Automakers are expected to report healthy U.S. sales for June when they release results next week, boosted by growing cash rebates, cheap loans and other incentives for consumers.

Wall Street analysts see sales for the month running at a seasonally adjusted annual rate of about 16.9 million vehicles, matching last month's performance and only slightly behind the blistering 17.1-million rate of June 2000.

With the economy still uncertain, much of the strength will come from the incentives automakers are offering to lure customers into showrooms, now averaging more than $1,800 per vehicle.

Analysts say much of the month's strength came from a General Motors Corp. program offering some lessees early cancellations of their leases if they take a new GM vehicle instead. About 300,000 GM customers are eligible, and GM says it expects up to 25 percent to take the offer.

GM sees the program as a low-cost way of boosting demand. The lessees who qualify would have turned in their vehicles during the winter months, when the value of the vehicles would have been lower. The lessees would also have had a choice of buying a non-GM vehicle.
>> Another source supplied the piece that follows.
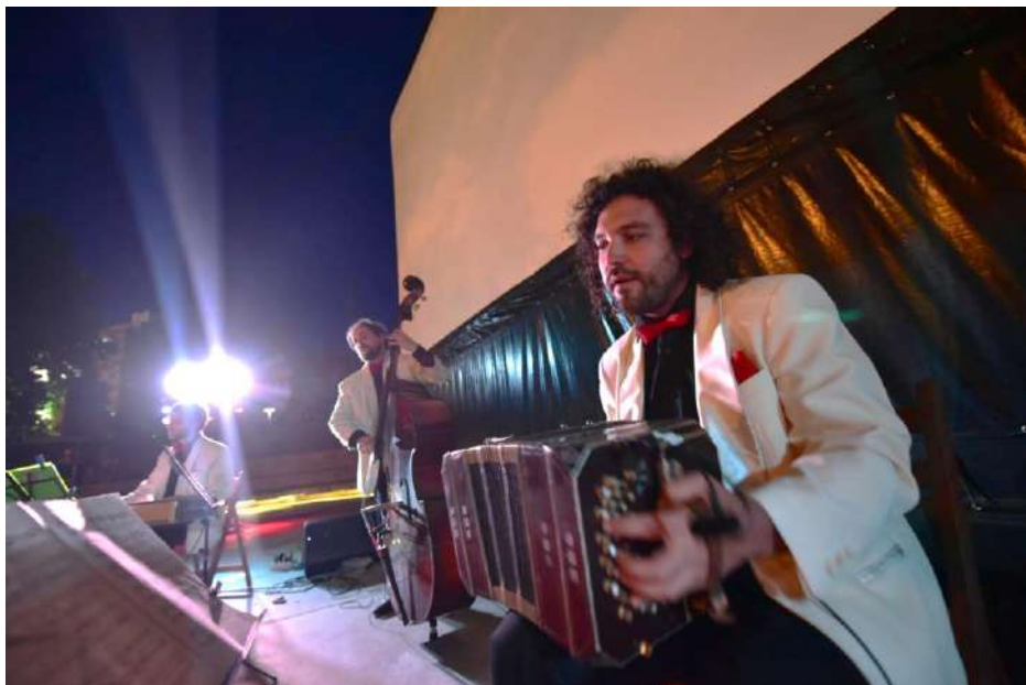
Juana y los Heladeros del Tango.

El día de los Derechos Humanos, 10 de diciembre, se llevó a cabo la Mesa para la paz en la ciudad de Montevideo. El evento fue cerrado con la actuación de la orquesta de tango Juana y los Heladeros, acompañada por bailarines ocasionales que se fueron sumando mientras se desarrollaba el espectáculo y seguidos por la intervención del dj Sonidero Mandinga y la vj Cabe Trust.
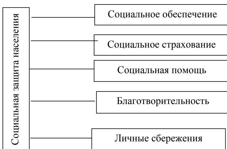
Рис. 1. Структура социальной защиты населения [3].

Схематично структура социальной защиты населения, представлена на рисунке 1.

According to analysts, the program will probably keep GM's sales even or slightly ahead of results from June of last year. But they also believe the effect of the program, which expires July 15, will be short-term.

As in May, much of GM's gains could come at the expense of Ford Motor Co., which has had to deal with the furor over its decision to recall 13 million Firestone tires. Predictions for Ford's sales drop range from 5 percent to 11 percent.

Ford is experimenting with its own lease-trade program on its Windstar minivan and has added dealer incentives to its F-Series pickups.

Chrysler Group already offered incentives averaging more than $2,400 per vehicle going into June, higher than any other automaker. Its sales are seen as being essentially flat.

Once again, foreign automakers are expected to improve their sales and market share in the United States. In May, GM. Ford and DaimlerChrysler AG held 63 percent of the market, compared with 65.6 percent last year and far below historical levels.

Analysts estimate that Toyota Motor Corp.'s sales will be up around 15 percent, while Honda Motor Co. Ltd.'s sales will be up about 5 percent.